▸ Aim of the task
Reproduce the records below exactly, but leave their pictures out of the copy.

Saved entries
============
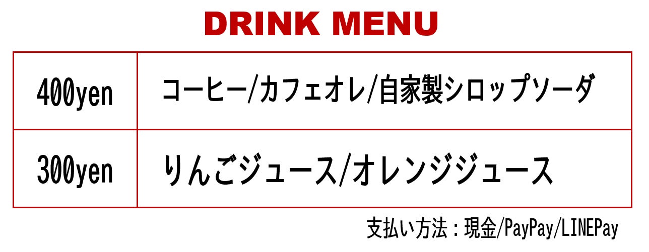 飲食について:当日はSHIBA COFFEEさんにも営業していただいております。以下のドリンクメニューと焼き菓子を用意してくださいます。テイクアウトのみです。 ぜひご利用ください。
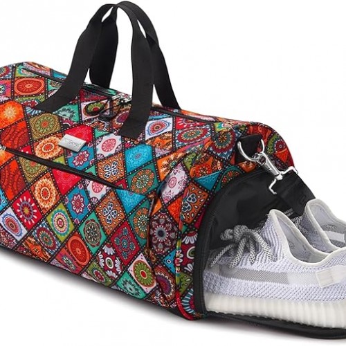 TOPDesign Gym Bag for Women, Duffel Bag with Shoe Compartment & Wet Pocket for Travel Sports (M Yoga)
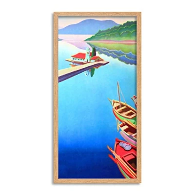 Wee Blue Coo Corfu Greece Pier Boats Long Panel Framed Wall Art Print
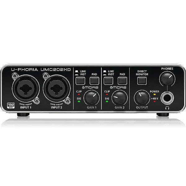 O UMC202HD é uma interface de áudio HD de Linha U-Phoria. Com ela é possível gravar seus sons em minutos com toda a conectividade necessária para seus microfones, guitarras, teclados etc. O modelo possui 2 (dois) pré-amplificadores Midas que incluem Phantom Power de 48 volts para microfones condensadores, todos passando por uma perfeita conversão 24-Bits e 192 kHz para a melhor qualidade de som possível.
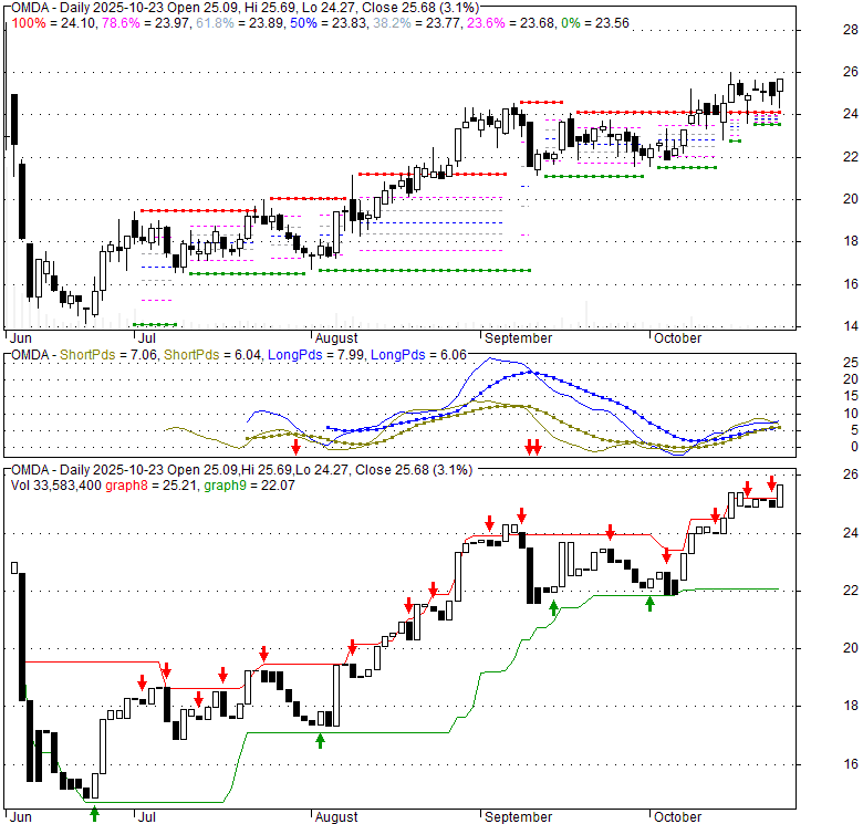 Price has closed above its short-term moving average. Short-term moving average is currently above mid-term; and below long-term moving average. From the relationship between price and moving averages: This stock is BULLISH in short-term; and NEUTRAL in mid-long term.[ OMDA ] has closed below upper band by 22.6%. Bollinger Bands are 0% narrower than normal.
============
▸ Expected answer
 飲食について:当日はSHIBA COFFEEさんにも営業していただいております。以下のドリンクメニューと焼き菓子を用意してくださいます。テイクアウトのみです。 ぜひご利用ください。
 TOPDesign Gym Bag for Women, Duffel Bag with Shoe Compartment & Wet Pocket for Travel Sports (M Yoga)
 Wee Blue Coo Corfu Greece Pier Boats Long Panel Framed Wall Art Print
 O UMC202HD é uma interface de áudio HD de Linha U-Phoria. Com ela é possível gravar seus sons em minutos com toda a conectividade necessária para seus microfones, guitarras, teclados etc. O modelo possui 2 (dois) pré-amplificadores Midas que incluem Phantom Power de 48 volts para microfones condensadores, todos passando por uma perfeita conversão 24-Bits e 192 kHz para a melhor qualidade de som possível.
 Price has closed above its short-term moving average. Short-term moving average is currently above mid-term; and below long-term moving average. From the relationship between price and moving averages: This stock is BULLISH in short-term; and NEUTRAL in mid-long term.[ OMDA ] has closed below upper band by 22.6%. Bollinger Bands are 0% narrower than normal.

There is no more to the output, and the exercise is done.